**WORK INSTRUCTION:** Look through the material below and copy exactly the lines from the line with "This sleep aid" to the line with "Diouf (GK), Mendy", those two lines included.

**INPUT FOR THIS TASK:**
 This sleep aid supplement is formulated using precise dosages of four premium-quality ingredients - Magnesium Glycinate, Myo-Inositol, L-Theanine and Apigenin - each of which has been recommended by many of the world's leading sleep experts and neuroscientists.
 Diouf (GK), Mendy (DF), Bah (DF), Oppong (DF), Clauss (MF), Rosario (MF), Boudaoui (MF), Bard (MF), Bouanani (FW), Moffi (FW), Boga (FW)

...

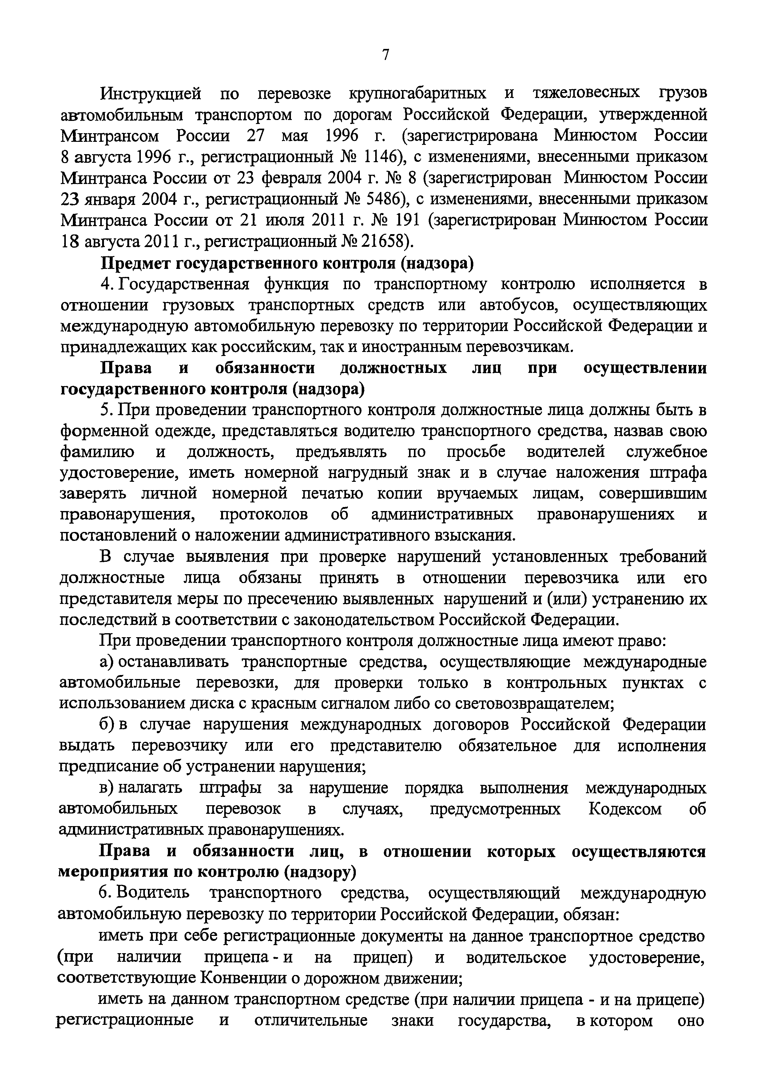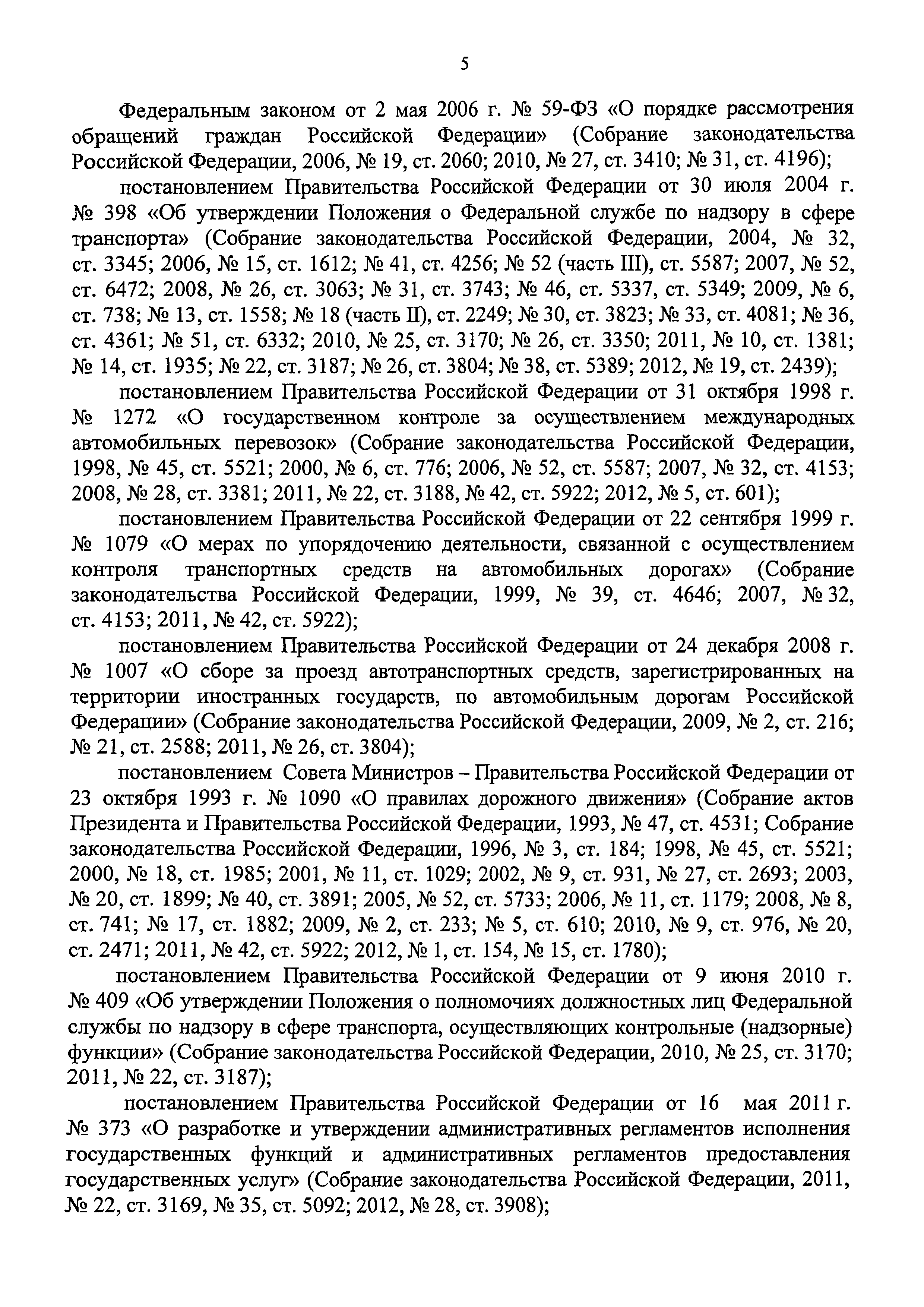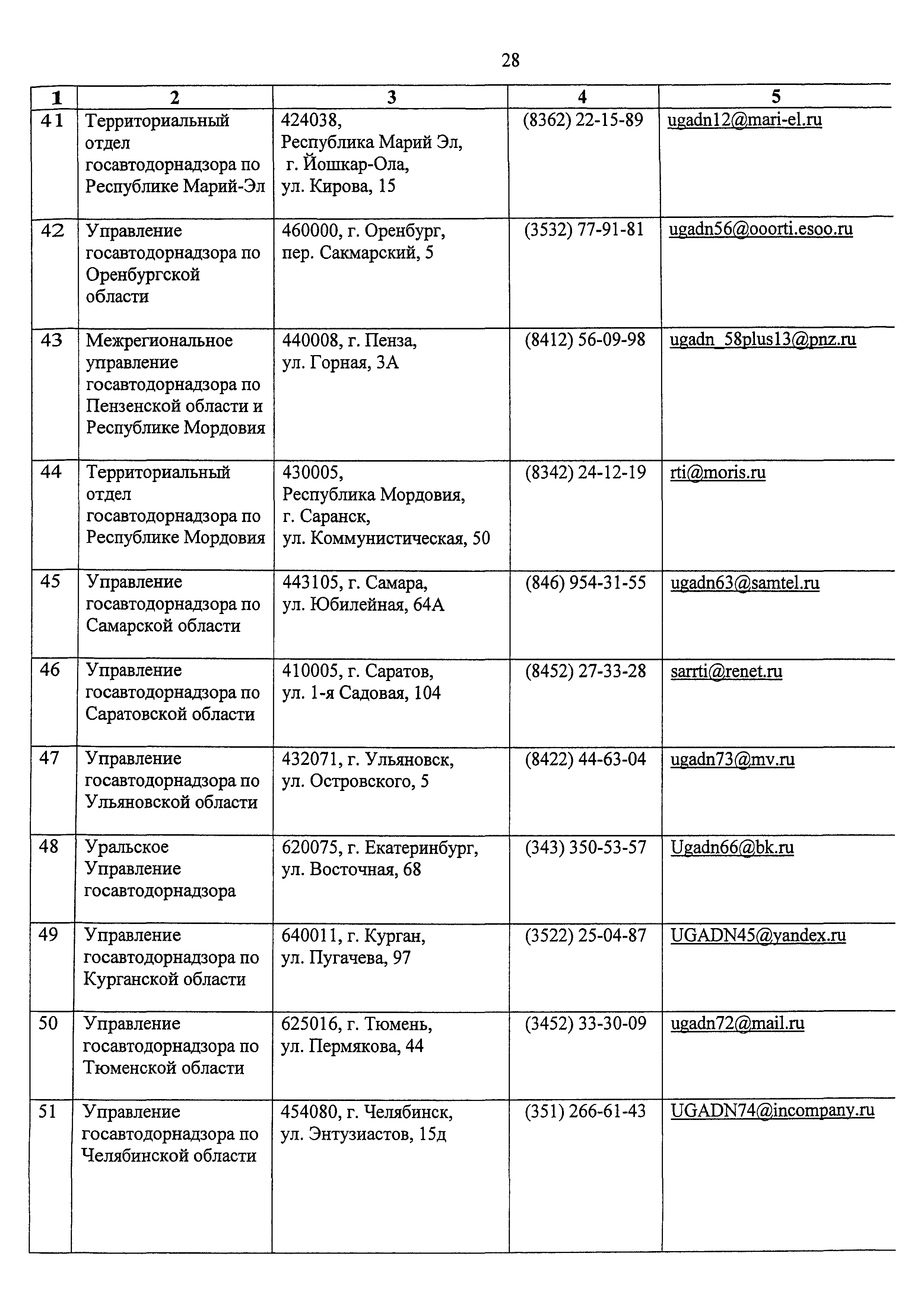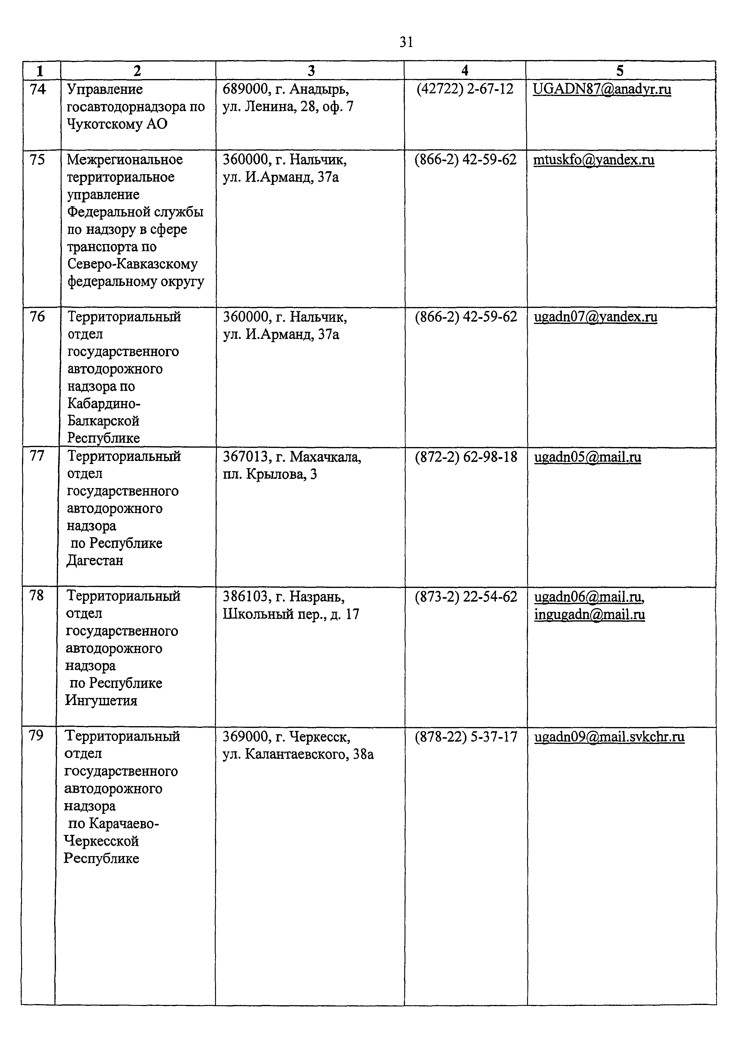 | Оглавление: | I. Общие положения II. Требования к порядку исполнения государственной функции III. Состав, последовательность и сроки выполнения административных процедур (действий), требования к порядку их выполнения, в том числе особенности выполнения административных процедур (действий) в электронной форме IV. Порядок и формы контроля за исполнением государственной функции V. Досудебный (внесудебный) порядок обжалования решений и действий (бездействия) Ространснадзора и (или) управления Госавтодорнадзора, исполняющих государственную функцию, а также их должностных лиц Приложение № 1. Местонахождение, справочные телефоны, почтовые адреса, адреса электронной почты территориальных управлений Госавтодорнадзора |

**WRITTEN ANSWER:**
 This sleep aid supplement is formulated using precise dosages of four premium-quality ingredients - Magnesium Glycinate, Myo-Inositol, L-Theanine and Apigenin - each of which has been recommended by many of the world's leading sleep experts and neuroscientists.
 Diouf (GK), Mendy (DF), Bah (DF), Oppong (DF), Clauss (MF), Rosario (MF), Boudaoui (MF), Bard (MF), Bouanani (FW), Moffi (FW), Boga (FW)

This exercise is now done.